A stewardship app that creates, edits, and obsoletes Golden Records in real time, dual-writing in a single transaction alongside the pipeline.
Drift detection, queue management, and bulk operations exposed to data stewards through a five-screen web app.
A hand-off contract for QA and production deployment via an Azure Data Factory bundle owned by the implementation partner — the engineering team never touches non-dev environments.

Status & roadmap

Production hardening: Atomicity guards on the close-then-append SCD2 write, parallelized LLM batch calls to bring the review-zone runtime inside the daily SLA, and a persisted quarantine table so rejected rows survive session boundaries.
Model lifecycle: Migration of the LightGBM scorer from a static repo file to a registry-managed model with retraining fed by steward decisions, drift monitoring, and ground-truth enrichment with hard negatives mined from manual rejections.

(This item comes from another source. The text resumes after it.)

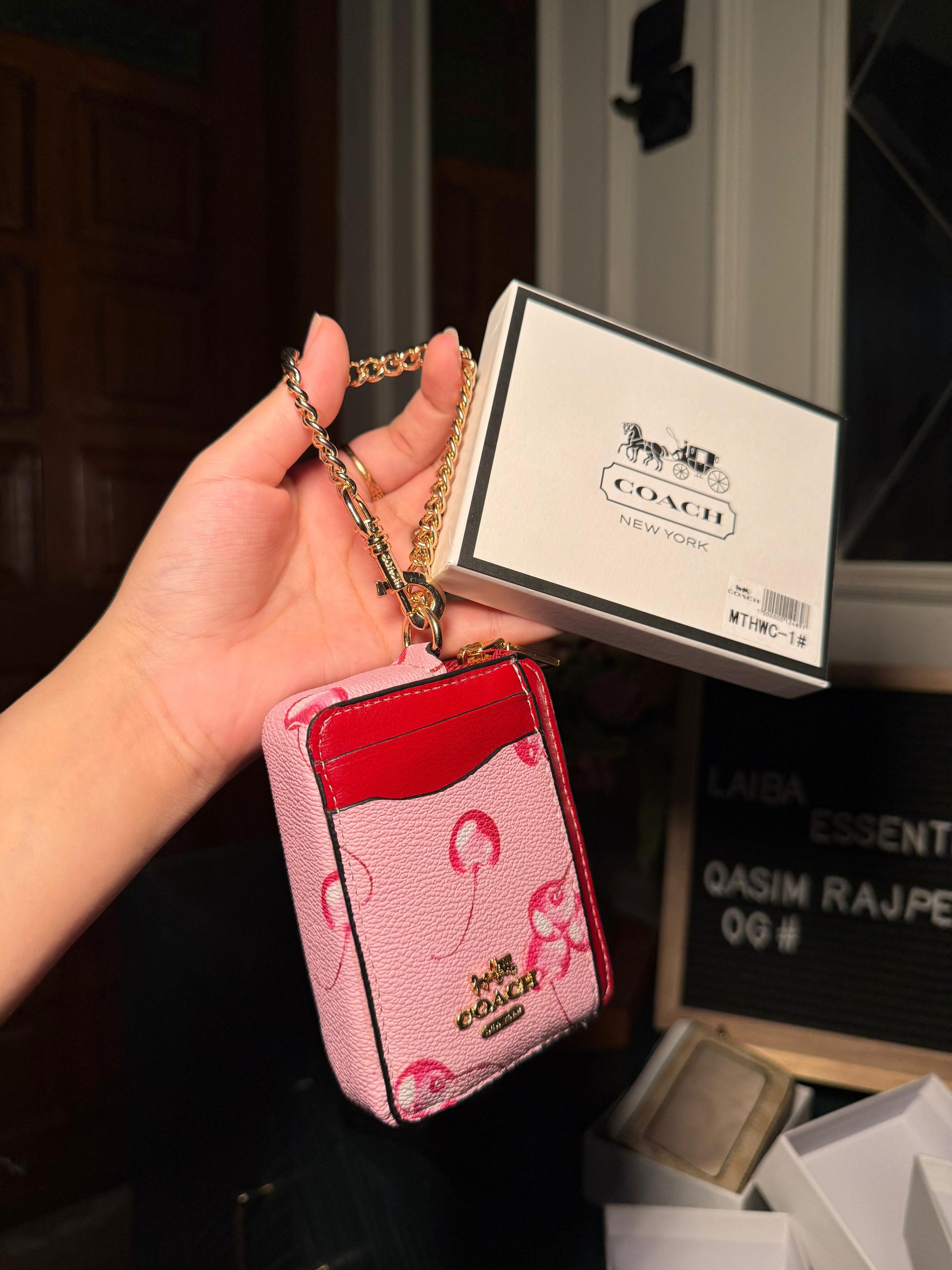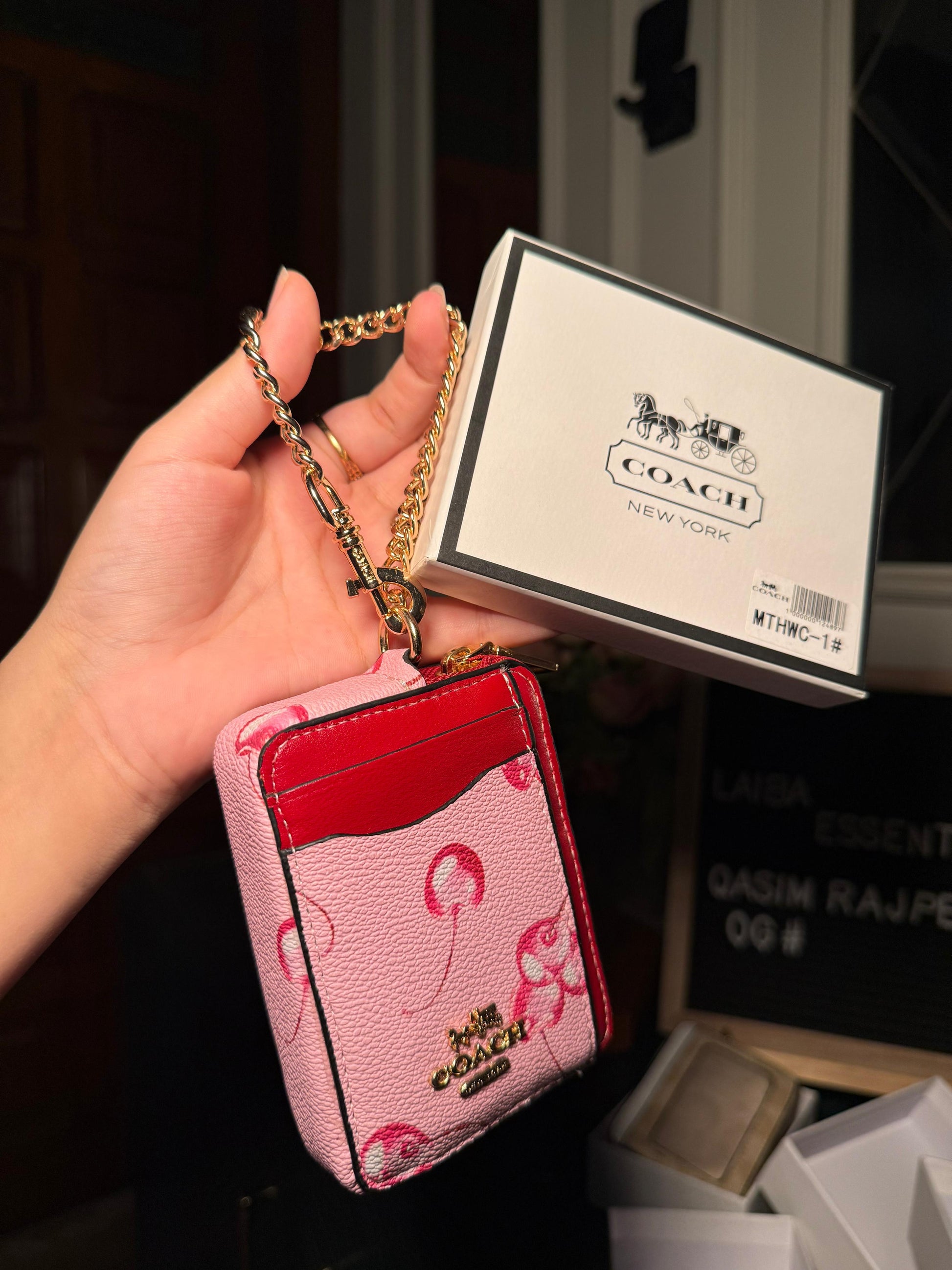 Coach Pink Cherry Print with Red Trim Mini ID/Key Pouch WITH BOX

Recall and coverage: Conditional activation of an approximate-nearest-neighbour pass over the no-match pool, gated on production evidence; and an ERP-side fuzzy fallback for ERP records that arrive after a steward has already created a Golden from a regional source.
Cross-system communication: A bidirectional handshake with the stewardship app to propagate steward edits upstream, eliminating the source-side drift that today forces compensating logic inside the pipeline and pushing the contract back where the data actually originates.